I think everything he says makes sense. I can't argue yet that I was destined to be a moth to him. And I am not the only one who is eating this delicacy. He became popular, and the photos of the dancing swept up the online media circle, at an invisible speed. It happened at that moment of celebration with the sky, and we put our contact with the outside world aside, and only suddenly remembered it when the oolong stopped making trouble. I'm not a person who cares about the world, but the curiosity that comes with not caring is much more important to me than I am concerned. I haven't had time to take any marketing measures, and someone else is worried about it for me. I am grateful to these people who have eaten enough and have nothing to do, leaving a bunch of public opinion for the two of us to listen to.

Xun An was angry, and he was rarely angry. When he gets angry, he looks cuter than his big brother coquettishly, and his online account can receive messages swiping up with lightning frequency every day, and his mobile phone is on the verge of collapse. He looked at the communication tools that twitched every day, and did not dare to reach out. It's like looking at a cat with a fish on the table, and the aggrieved facial features are wrinkled together, which really makes people laugh. I filmed it.

I wanted to taste what it was like to add fuel to the fire, and threatened Xun An to post this photo online for the women and children who adored him to lick the screen. Xun An's eyes widened in fright, and his already round eyes were now round into a pufferfish, which was really funny.

"Of course I wouldn't do this kind of thing that benefits others and hurts myself." As he spoke, he locked the photo into my private space.

I unlocked the space and flipped the secretly photographed Xun'an one by one to show Avi.

"Really...... Cute! ”

"Please don't say such things to a picture of Xun'an with a pig's trotter."

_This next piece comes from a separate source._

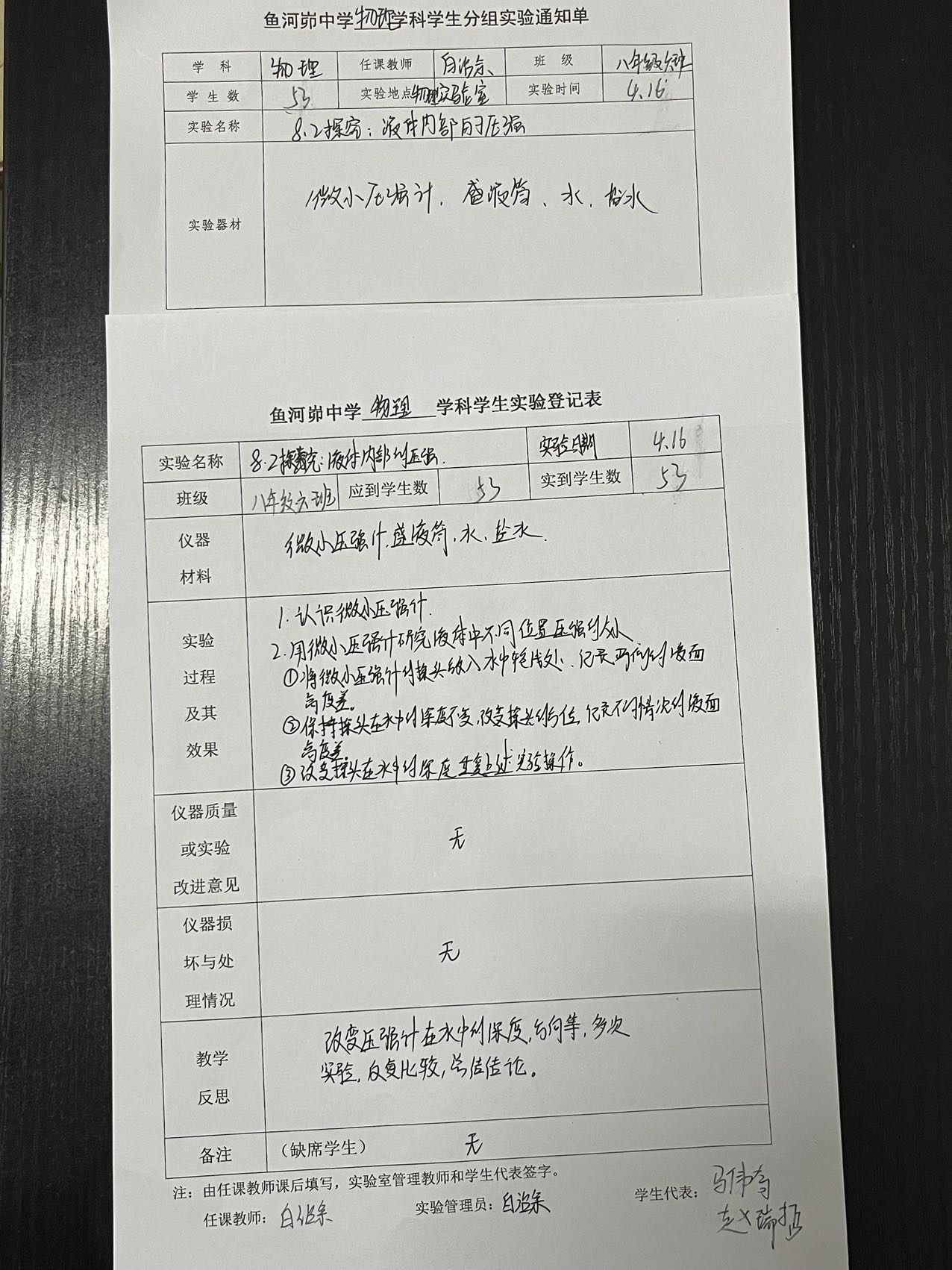 实验登记表

We both laughed, and we were very happy.

I wonder why my phone doesn't twitch like Xun'an, but I'm actually very lucky. I am also confident that if people know that the woman behind Xun'an is like me, my popularity will not be lower than him. I am Xun'an among girls, a fan of hundreds of millions of people.

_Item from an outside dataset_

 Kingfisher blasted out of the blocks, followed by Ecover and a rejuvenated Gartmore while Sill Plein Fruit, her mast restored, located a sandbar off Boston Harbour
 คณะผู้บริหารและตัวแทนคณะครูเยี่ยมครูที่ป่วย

Avi gave me a big roll of the eye.

It's getting hard to stay in school, and I don't think the thin-shelled dormitory building will be able to stop the zombie-like crowds. At home, too, my mother called me every day to complain that there were endless couriers at home, flowers, dolls, dead and alive, swimming in the water flying in the sky, fragrant and smelly...... Send them all home.

I suggested that my mother open a grocery store.

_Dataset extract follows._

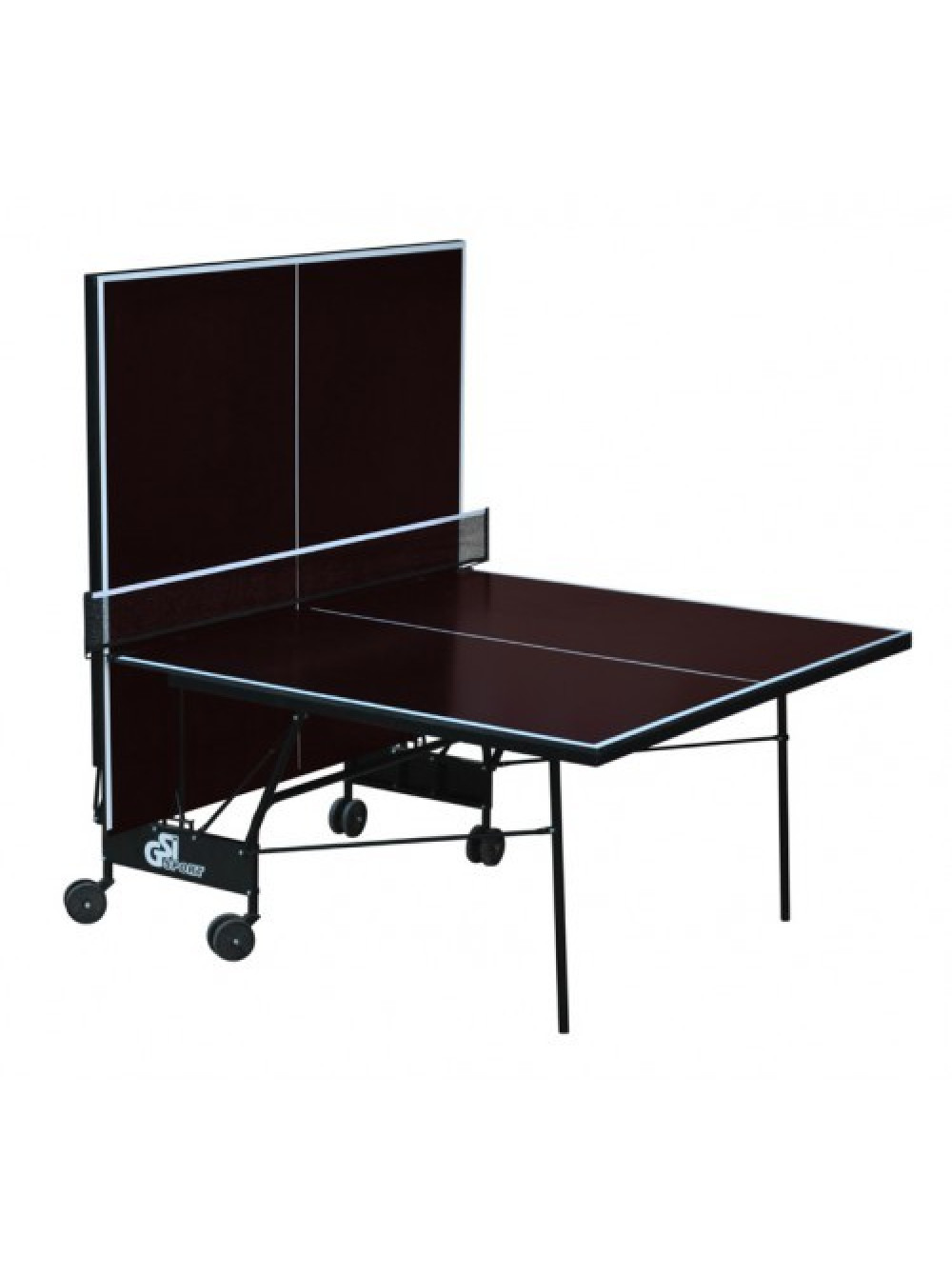 Стіл складається таким чином, що грати на ньому зможе навіть одна людина, опонентом йому при цьому виступає половинка столу піднята вертикально. Ігрова поверхня коричневого кольору базується на 4 ніжках з двома коліщатками і чотирьох стандартних стійких ногах. Завдяки наявності коліс, стіл можна легко переміщати.

Mother laughed, quite loudly. I was infected on both ends of the phone, and I let out a heroic smirk together.

Xun'an saw me like a ghost, for fear that I would sell his daily life by any means in order to make ends meet. I patted my chest and called myself a very rule-abiding agent.

I didn't expect that people are really afraid of being famous. Xun'an and I are like two geckos, sticking to a high position to be careful not to break the tail of the person below. Xun'an's tail is his dance, and my tail is Xun'an. One much-talked-about gecko drags another. I bit my tail and cringed along. Everywhere we crawl, we are exposed to the light, and when we brush our teeth, we are so frightened that we swallow a few mouthfuls of foam.

I don't think it's okay to go on like this, because it's too lively and the environment is not conducive to the artist's creation. We should find refuge.

Where is the safest place in the world?

"We'll have to hire a few bodyguards." I clicked on a certain software, entered a few keywords, and a dazzling variety of characters of various types were exhibited online like commodities. I watched it with relish, gnawing on my nails and laughing. I marked a few of my favorites, and the thought of being surrounded by them every day made me happily gnaw on my nails again to suppress my laughter.

It suddenly occurred to me that I hadn't been exposed to a man or a woman for a long time. It's getting harder and harder to have a boy I like, so I can't go on like this, and I have to worry about my future.

If I want to not affect my work or delay my relationship, I have to put the two of them together. At this moment, I have strengthened my "bodyguard theory".